• **DATASET EXTRACT**:
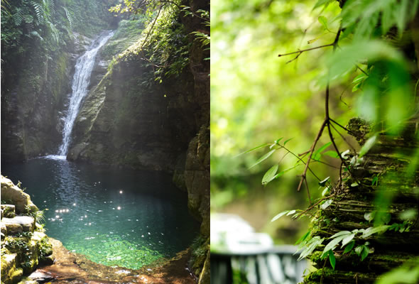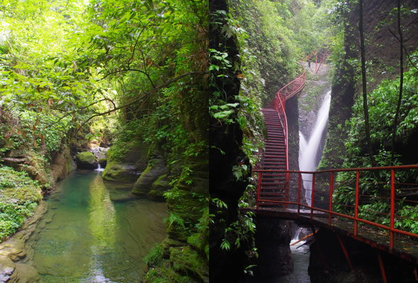十八潭總名。稍作休憩,我們開始奔赴東線的景點。東線主要是以十八潭為主,下游有4潭:合潭、梳妝潭、魚潭、黑潭;中游有9潭:換衣潭、美人潭、石蛙潭、姊妹潭(3個)、情侶潭(2個)、二龍搶珠,上游有5潭:鬼谷神功(2個)、幽潭、落銀潭(彩虹潭)、路邊潭。十八個潭深淺不一,淺則1米以上,深則4米左右,形狀各異,有的月牙形,有的豬腰狀,形狀不規(guī)則,石壁上水沖成潭,真是鬼谷神功,此處水質細膩,加之綠林映襯,水色碧綠見底,猶如十八顆翡翠石鑲嵌在山林之間,涓涓溪流晶瑩剔透,飛流直下的瀑布,氣勢磅礴,蔚為壯觀, 下游的4潭,合潭、梳妝潭、魚潭、黑潭。合潭是仙女峽谷與十八潭的交匯處;梳妝潭的水清如明鏡,又因為潭兩側石頭的封閉,使這面鏡子靜止不動,很方便梳妝,照鏡子。在梳妝潭周圍,有一種植物屬于紅豆杉系列,它的形狀好似梳子,可以用來梳頭。魚潭可不能望文生義。魚潭,是在冬天的時候,所有的魚都聚集在這里過冬,除此之外,這個潭水淺見底,冬天魚苗聚集,是捕魚的好季節(jié)。黑潭,水深不見底,所以叫黑潭,F(xiàn)在已經看不見梳妝潭、魚潭、黑潭了,你猜為什么?建水庫,建水上樂園,淹沒了。 斷魂石的傳說。三國時期,高氏和蕭氏一對夫妻春節(jié)忙活,遇上了天門垮眼,受余震襲擊,打死了丈夫蕭氏。高氏思念丈夫,淚哭不斷,結果摔死潭中。人們經常還能聽到哭聲傳來,不敢單獨行走,需成群結隊。后人為了鎮(zhèn)邪,雕刻一條蜈蚣驅趕哭魂,多年后,蜈蚣成精,天上打雷,巖石發(fā)光,遭雷所劈,成了斷魂石。 和尚姥,也就是丹灶峰,天門十六峰之一。相傳此峰為仙人化身,赤松子曾在此煉丹,許多詩人在此留下了美妙的詩篇,明代葉守禮《丹灶峰》: 懸崖峭壁隔塵寰,上有仙人學煉丹。 煉得丹成鶴已去,獨留丹灶在峰巒。 意思是說,在這險峻秀麗的山峰上,赤松子潛心煉丹,不受塵世干擾,身心沉醉于秀美的山間,沉溺于丹藥的煉制之中。作者很是羨慕那種與世隔絕的超脫,那種執(zhí)著于自我理想的瀟灑,你羨慕不羨慕? 竹林叢生。我們要學習竹子的精神,中空、謙卑;我們要學習竹子的精神,抱團生長;我們要學習竹子的精神,破土而出,節(jié)節(jié)高。 向家塔。打造農耕養(yǎng)生游的地方。種田、種菜、種花,農家餐館。 爛泥巴根。爛泥巴根和馬桑樹是同科,是這里獨特的一種樹。馬桑樹亦稱“千年紅”、“馬鞍子”,屬落葉灌木,馬桑樹多枝叢生,一簇一簇的,枝葉像傘蓋,因此“馬桑樹兒搭燈臺”。春風一吹,滿山的馬桑樹、爛泥巴根就吐翠滴綠,顯示出強勁的生命力。打油詩一首: 青青枝條四方走, 肥肥大葉落上頭, 身在路邊無人問, 冬去春來樂悠悠。 秋天死亡,春天長勢更加茂盛,它的新生是通過死亡實現(xiàn)的。山川如此,植物也是如此,這里的一草一木無不透露著道家那種齊生死、等貴賤的精神。 這叫“常道”亭,“道可道,非常道”,據(jù)說是白狐與劉海相遇的地方。吊橋。 十八潭各具特色。 中游有9潭。第五潭叫換衣潭。巖石聳立,霧氣氤氳,巖壁上布滿水汽,猶如雨下。又因過道狹窄,行人需彎腰通過,未免雨水打濕衣裳,在此就要脫下身上衣物,通過后在第六潭再穿上。因此第六潭又叫美人潭,很幽深神秘的。第七潭叫石蛙潭,水淺,又比較平穩(wěn)、安全,春天產籽。余音回響,猶如蛙鳴,給人“聽取蛙聲一片”的錯覺。 對面巖壁叫“臘肉鋪”,那條自上而下的溪流叫“酒長流”,客人來了,咱土家人熱情,臘肉下炕,苞谷燒,喝兩口! 第八潭第九潭叫情侶潭,比較隱蔽,他倆靜悄悄地談著情話,我們快走,不要打攪他們。 第十潭、十一潭、十二潭叫姊妹潭。下面那個,水淺淺的,溫溫的,是幺妹潭,中間那個是二哥潭,上面那個是大哥潭。 潭的旁邊有珍稀植物馬蘭花,馬蘭花又名蝴蝶花、蝴蝶蘭,為多年生宿根草本花卉,根莖短粗,肥壯;ù笮缕妫ㄉk麗,鮮艷奪目;ㄓ兴{、白、黃、雪青等色。花期5-6個月,每次花可開花7-10天,頗耐觀賞。馬蘭花在我國栽培已有2000多年的歷史,目前歐、亞、非3洲均有分布,品種極多,難以計數(shù)。此花按植株高度不同可分3種類型:矮株型僅18-25厘米,中株型高25-70厘米,高株型可高達120厘米。馬蘭花喜陽光,適栽于背風向砂質土壤中。 馬蘭開花的童謠。他們三姊妹小時候情感深厚,常常一起跳皮筋。大家會跳嗎?會唱嗎? 小汽車,滴滴滴,馬蘭開花二十一, 二五六二五七,二八二九三十一, 三五六三五七,三八三九四十一, 四五六四五七,四八四九五十一, 五五六五五七,五八五九六十一 ! 還有紅豆杉,像梳頭的篦子,叫“篦子三尖杉”。還有蘭心草,中草藥,空中飄來蘭花的香氣,山谷中峭壁的蘭花,如芳芳人品善良高雅。蘭花如人品有宜人的香氣,蘭花有撩人的幽香,任何花卉的香氣都不能與蘭花比。這幽香時隱時現(xiàn),時濃時淡,時遠時近。飄蕩在老道灣山谷中,給人清新和愉快的感受。 蘇轍有詩:“谷深不見蘭生處,追逐微風偶得之”。 還有大葉榕、玉葉金花、秋海棠、臘蓮繡球、四字馬蘭、紅楓,秋天來臨,看!漫山紅遍,層林盡染。 聞道亭。孔子曰:朝聞道,夕死可以。意思是說,人生悟到“道”的真諦是多么重要,如果是早上知道的,哪怕晚上去死都是值得的。 第十三潭叫二龍搶珠。兩條瀑布傾瀉而下,在中間交匯,就像是二條龍爭搶寶珠一樣。結果,這寶珠被狐王拿到,狐王又送給白狐當定情物,哪知白狐遇見善良的劉海,于是,上演了一幕新
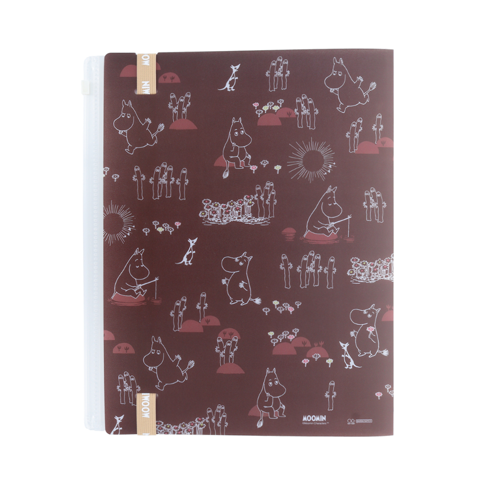 バインダーは濃いめのブラウンで、「ムーミン」や「ニョロニョロ」のラインアートを使った総柄デザインです☆
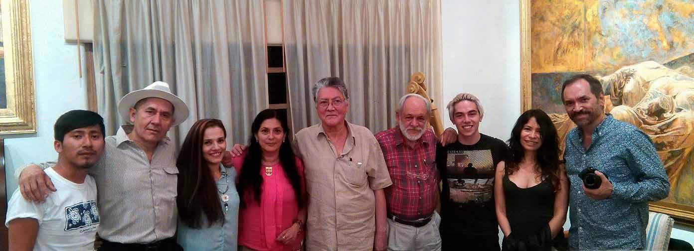 En casa del artista Enrique Estrada, con un grupo de artistas plásticos y el poeta Ricardo Cuéllar
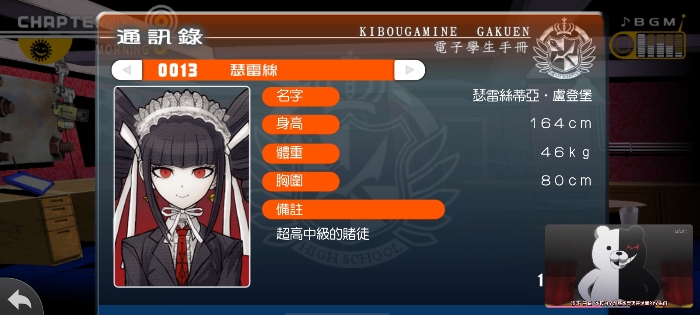 戴上手套之后,雾切响子推开了门,按照走廊上的提示来到了体育馆,有一点她很奇怪,明明应该是在教室醒来才对,可是她却在宿舍醒了过来。

• **DESCRIPTION OF THE TASK**: When a line carries an image, skip the image and repeat everything else above exactly as written.

• **RESULT OF THIS EXERCISE**:
十八潭總名。稍作休憩,我們開始奔赴東線的景點。東線主要是以十八潭為主,下游有4潭:合潭、梳妝潭、魚潭、黑潭;中游有9潭:換衣潭、美人潭、石蛙潭、姊妹潭(3個)、情侶潭(2個)、二龍搶珠,上游有5潭:鬼谷神功(2個)、幽潭、落銀潭(彩虹潭)、路邊潭。十八個潭深淺不一,淺則1米以上,深則4米左右,形狀各異,有的月牙形,有的豬腰狀,形狀不規(guī)則,石壁上水沖成潭,真是鬼谷神功,此處水質細膩,加之綠林映襯,水色碧綠見底,猶如十八顆翡翠石鑲嵌在山林之間,涓涓溪流晶瑩剔透,飛流直下的瀑布,氣勢磅礴,蔚為壯觀, 下游的4潭,合潭、梳妝潭、魚潭、黑潭。合潭是仙女峽谷與十八潭的交匯處;梳妝潭的水清如明鏡,又因為潭兩側石頭的封閉,使這面鏡子靜止不動,很方便梳妝,照鏡子。在梳妝潭周圍,有一種植物屬于紅豆杉系列,它的形狀好似梳子,可以用來梳頭。魚潭可不能望文生義。魚潭,是在冬天的時候,所有的魚都聚集在這里過冬,除此之外,這個潭水淺見底,冬天魚苗聚集,是捕魚的好季節(jié)。黑潭,水深不見底,所以叫黑潭,F(xiàn)在已經看不見梳妝潭、魚潭、黑潭了,你猜為什么?建水庫,建水上樂園,淹沒了。 斷魂石的傳說。三國時期,高氏和蕭氏一對夫妻春節(jié)忙活,遇上了天門垮眼,受余震襲擊,打死了丈夫蕭氏。高氏思念丈夫,淚哭不斷,結果摔死潭中。人們經常還能聽到哭聲傳來,不敢單獨行走,需成群結隊。后人為了鎮(zhèn)邪,雕刻一條蜈蚣驅趕哭魂,多年后,蜈蚣成精,天上打雷,巖石發(fā)光,遭雷所劈,成了斷魂石。 和尚姥,也就是丹灶峰,天門十六峰之一。相傳此峰為仙人化身,赤松子曾在此煉丹,許多詩人在此留下了美妙的詩篇,明代葉守禮《丹灶峰》: 懸崖峭壁隔塵寰,上有仙人學煉丹。 煉得丹成鶴已去,獨留丹灶在峰巒。 意思是說,在這險峻秀麗的山峰上,赤松子潛心煉丹,不受塵世干擾,身心沉醉于秀美的山間,沉溺于丹藥的煉制之中。作者很是羨慕那種與世隔絕的超脫,那種執(zhí)著于自我理想的瀟灑,你羨慕不羨慕? 竹林叢生。我們要學習竹子的精神,中空、謙卑;我們要學習竹子的精神,抱團生長;我們要學習竹子的精神,破土而出,節(jié)節(jié)高。 向家塔。打造農耕養(yǎng)生游的地方。種田、種菜、種花,農家餐館。 爛泥巴根。爛泥巴根和馬桑樹是同科,是這里獨特的一種樹。馬桑樹亦稱“千年紅”、“馬鞍子”,屬落葉灌木,馬桑樹多枝叢生,一簇一簇的,枝葉像傘蓋,因此“馬桑樹兒搭燈臺”。春風一吹,滿山的馬桑樹、爛泥巴根就吐翠滴綠,顯示出強勁的生命力。打油詩一首: 青青枝條四方走, 肥肥大葉落上頭, 身在路邊無人問, 冬去春來樂悠悠。 秋天死亡,春天長勢更加茂盛,它的新生是通過死亡實現(xiàn)的。山川如此,植物也是如此,這里的一草一木無不透露著道家那種齊生死、等貴賤的精神。 這叫“常道”亭,“道可道,非常道”,據(jù)說是白狐與劉海相遇的地方。吊橋。 十八潭各具特色。 中游有9潭。第五潭叫換衣潭。巖石聳立,霧氣氤氳,巖壁上布滿水汽,猶如雨下。又因過道狹窄,行人需彎腰通過,未免雨水打濕衣裳,在此就要脫下身上衣物,通過后在第六潭再穿上。因此第六潭又叫美人潭,很幽深神秘的。第七潭叫石蛙潭,水淺,又比較平穩(wěn)、安全,春天產籽。余音回響,猶如蛙鳴,給人“聽取蛙聲一片”的錯覺。 對面巖壁叫“臘肉鋪”,那條自上而下的溪流叫“酒長流”,客人來了,咱土家人熱情,臘肉下炕,苞谷燒,喝兩口! 第八潭第九潭叫情侶潭,比較隱蔽,他倆靜悄悄地談著情話,我們快走,不要打攪他們。 第十潭、十一潭、十二潭叫姊妹潭。下面那個,水淺淺的,溫溫的,是幺妹潭,中間那個是二哥潭,上面那個是大哥潭。 潭的旁邊有珍稀植物馬蘭花,馬蘭花又名蝴蝶花、蝴蝶蘭,為多年生宿根草本花卉,根莖短粗,肥壯;ù笮缕妫ㄉk麗,鮮艷奪目;ㄓ兴{、白、黃、雪青等色。花期5-6個月,每次花可開花7-10天,頗耐觀賞。馬蘭花在我國栽培已有2000多年的歷史,目前歐、亞、非3洲均有分布,品種極多,難以計數(shù)。此花按植株高度不同可分3種類型:矮株型僅18-25厘米,中株型高25-70厘米,高株型可高達120厘米。馬蘭花喜陽光,適栽于背風向砂質土壤中。 馬蘭開花的童謠。他們三姊妹小時候情感深厚,常常一起跳皮筋。大家會跳嗎?會唱嗎? 小汽車,滴滴滴,馬蘭開花二十一, 二五六二五七,二八二九三十一, 三五六三五七,三八三九四十一, 四五六四五七,四八四九五十一, 五五六五五七,五八五九六十一 ! 還有紅豆杉,像梳頭的篦子,叫“篦子三尖杉”。還有蘭心草,中草藥,空中飄來蘭花的香氣,山谷中峭壁的蘭花,如芳芳人品善良高雅。蘭花如人品有宜人的香氣,蘭花有撩人的幽香,任何花卉的香氣都不能與蘭花比。這幽香時隱時現(xiàn),時濃時淡,時遠時近。飄蕩在老道灣山谷中,給人清新和愉快的感受。 蘇轍有詩:“谷深不見蘭生處,追逐微風偶得之”。 還有大葉榕、玉葉金花、秋海棠、臘蓮繡球、四字馬蘭、紅楓,秋天來臨,看!漫山紅遍,層林盡染。 聞道亭。孔子曰:朝聞道,夕死可以。意思是說,人生悟到“道”的真諦是多么重要,如果是早上知道的,哪怕晚上去死都是值得的。 第十三潭叫二龍搶珠。兩條瀑布傾瀉而下,在中間交匯,就像是二條龍爭搶寶珠一樣。結果,這寶珠被狐王拿到,狐王又送給白狐當定情物,哪知白狐遇見善良的劉海,于是,上演了一幕新
 バインダーは濃いめのブラウンで、「ムーミン」や「ニョロニョロ」のラインアートを使った総柄デザインです☆
 En casa del artista Enrique Estrada, con un grupo de artistas plásticos y el poeta Ricardo Cuéllar
 戴上手套之后,雾切响子推开了门,按照走廊上的提示来到了体育馆,有一点她很奇怪,明明应该是在教室醒来才对,可是她却在宿舍醒了过来。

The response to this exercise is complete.